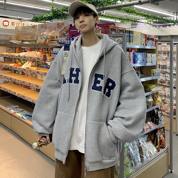 카디건 스웨터 남자의 가을 느슨한 유행 브랜드 후드 오버 사이즈 틈새 하이 스트리트 의류 양털 재킷스토어 가기
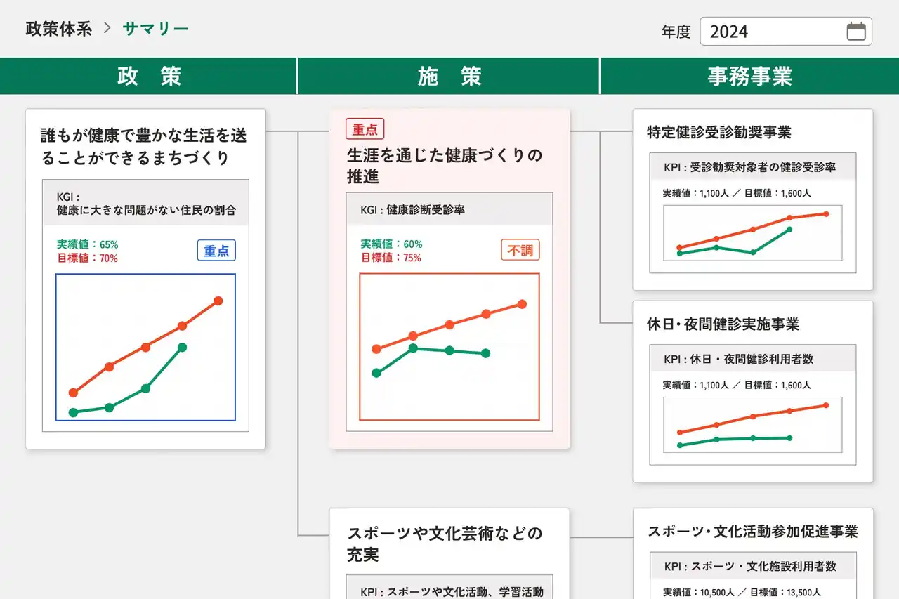 「政策ー施策ー事業」の繋がりを、指標の進捗状況と併せてツリー構造で可視化します。上位目的と照らし合わせながら、どの事業に予算を投下するべきかを筋良く考えることが可能となり、DDPや予算編成での活用を支援します。また、政策体系の見直しや事業の統廃合が生じても、指標の紐づけ先を柔軟に変更できる機能を提供します。 |
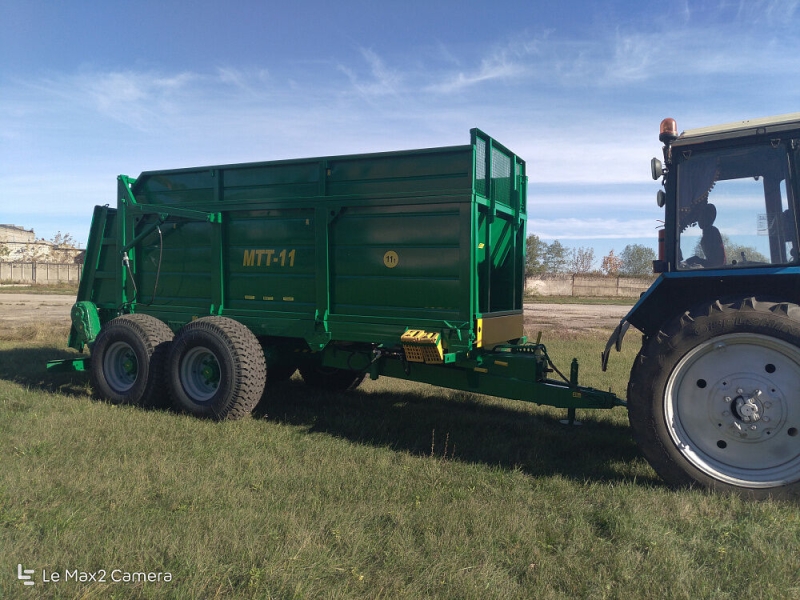 Машина МТТ-11 оснащена подвижным задним бортом, подъем и опускание которого осуществляется гидравлическим приводом с кабины трактора.
################
## ACTIVITY
All of the data, minus its pictures, should be repeated exactly.

## TASK SOLUTION
 카디건 스웨터 남자의 가을 느슨한 유행 브랜드 후드 오버 사이즈 틈새 하이 스트리트 의류 양털 재킷스토어 가기
 「政策ー施策ー事業」の繋がりを、指標の進捗状況と併せてツリー構造で可視化します。上位目的と照らし合わせながら、どの事業に予算を投下するべきかを筋良く考えることが可能となり、DDPや予算編成での活用を支援します。また、政策体系の見直しや事業の統廃合が生じても、指標の紐づけ先を柔軟に変更できる機能を提供します。 |
 Машина МТТ-11 оснащена подвижным задним бортом, подъем и опускание которого осуществляется гидравлическим приводом с кабины трактора.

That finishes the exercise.